● **Task instructions**: Your answer should hold exactly the lines below from the line with "子どもが好きな色を使い、好きな形に描いていく姿が" through the line with "These Sapphire Teardrop", both included, and no pictures at all.

● **Supplied information**:
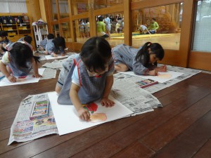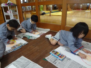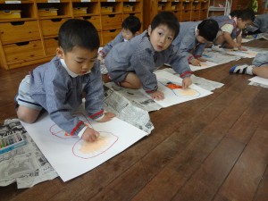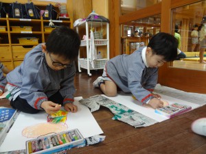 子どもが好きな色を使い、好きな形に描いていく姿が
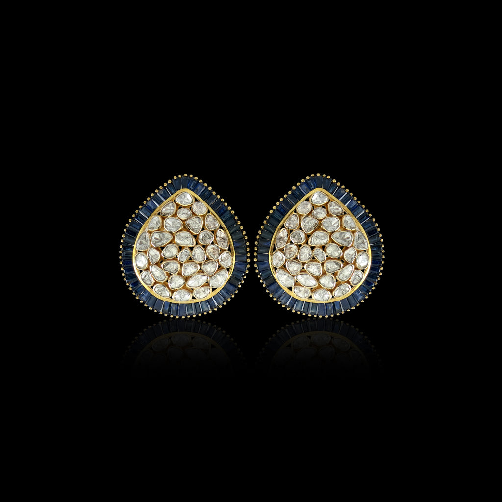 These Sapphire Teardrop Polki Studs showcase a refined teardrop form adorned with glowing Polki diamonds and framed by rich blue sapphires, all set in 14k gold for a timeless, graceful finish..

--

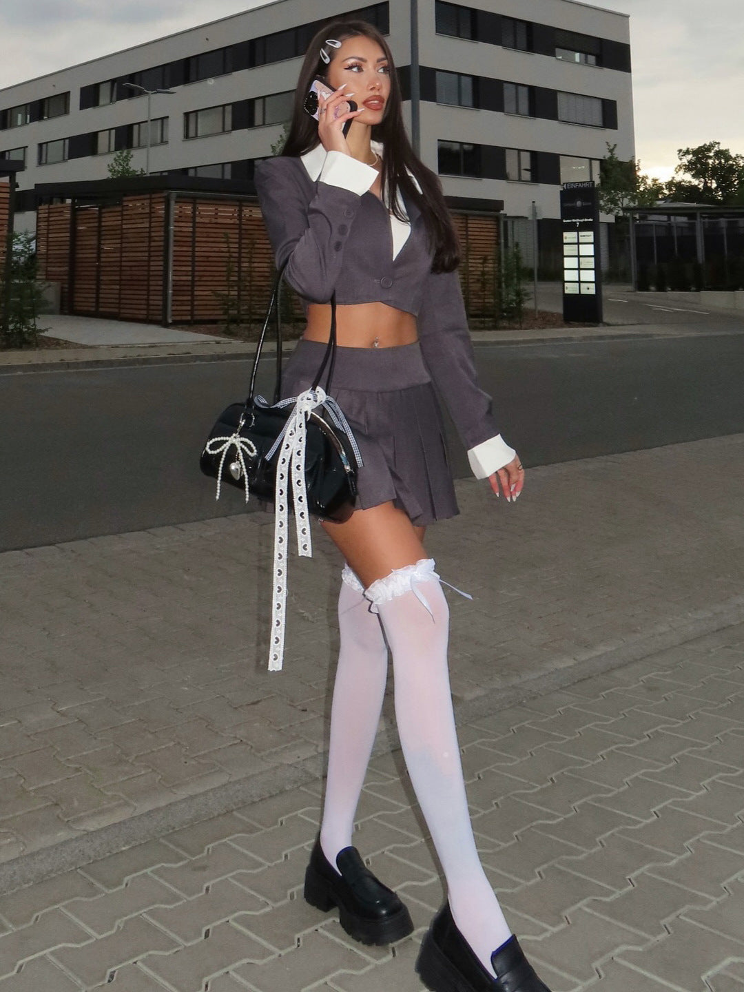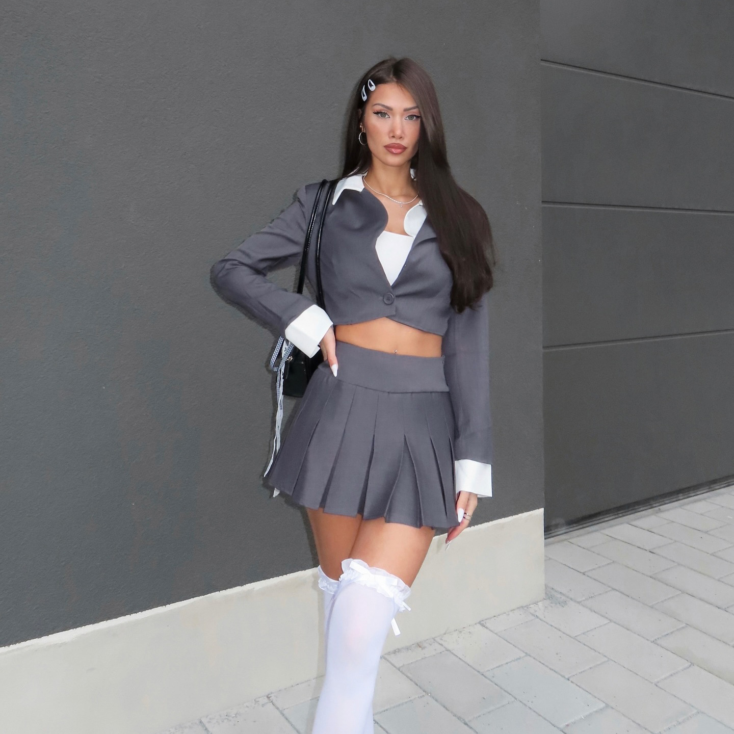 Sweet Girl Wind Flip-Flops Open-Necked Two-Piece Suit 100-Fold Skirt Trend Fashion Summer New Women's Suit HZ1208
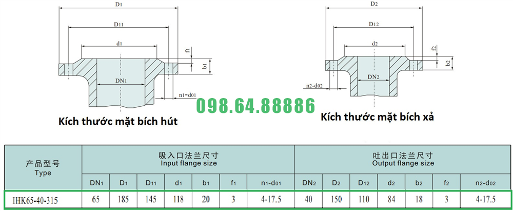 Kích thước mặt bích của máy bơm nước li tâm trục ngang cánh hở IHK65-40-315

==

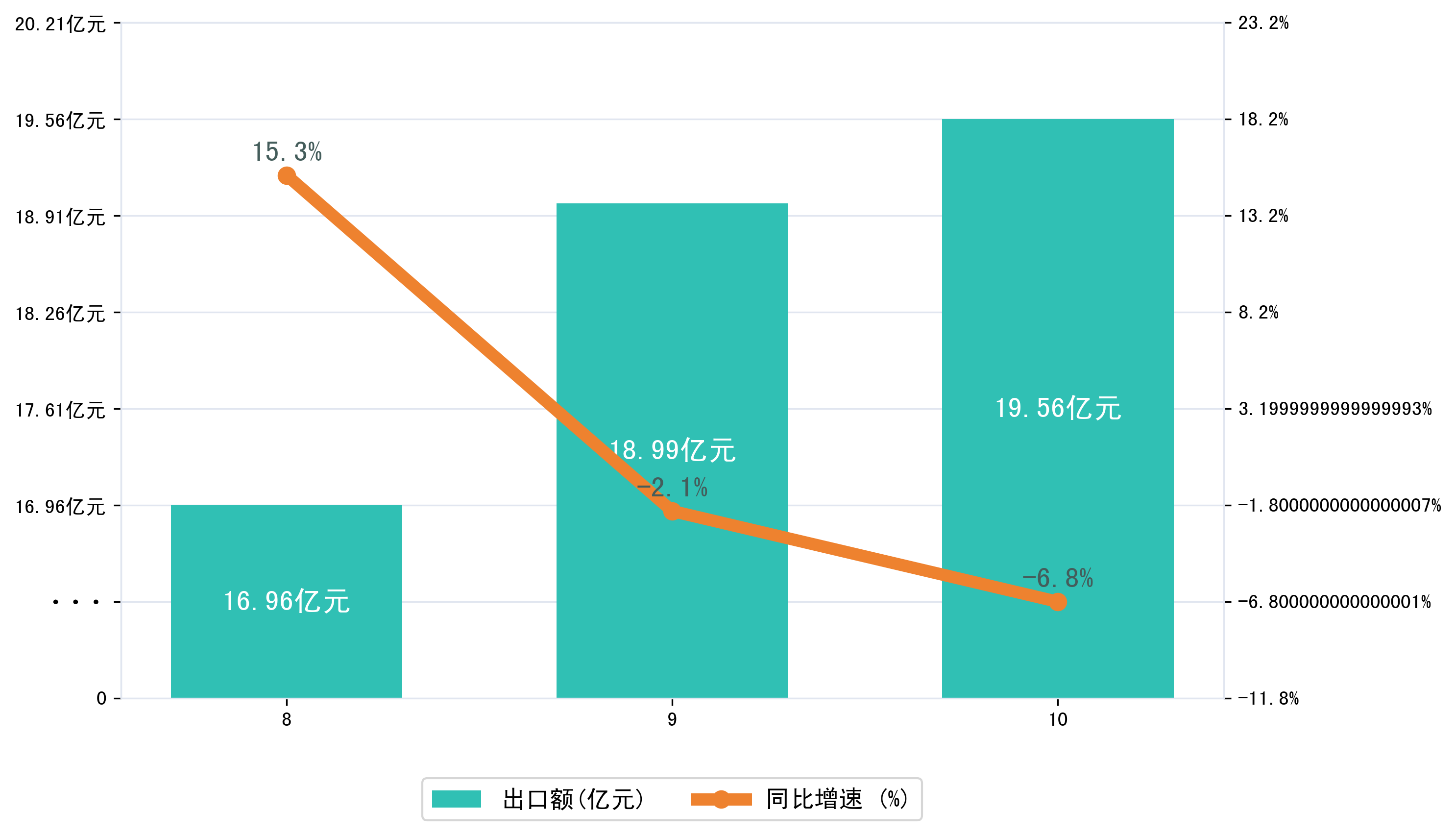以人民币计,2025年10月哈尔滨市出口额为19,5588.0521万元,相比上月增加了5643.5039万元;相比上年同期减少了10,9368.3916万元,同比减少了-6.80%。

● **Output of the task**:
 子どもが好きな色を使い、好きな形に描いていく姿が
 These Sapphire Teardrop Polki Studs showcase a refined teardrop form adorned with glowing Polki diamonds and framed by rich blue sapphires, all set in 14k gold for a timeless, graceful finish..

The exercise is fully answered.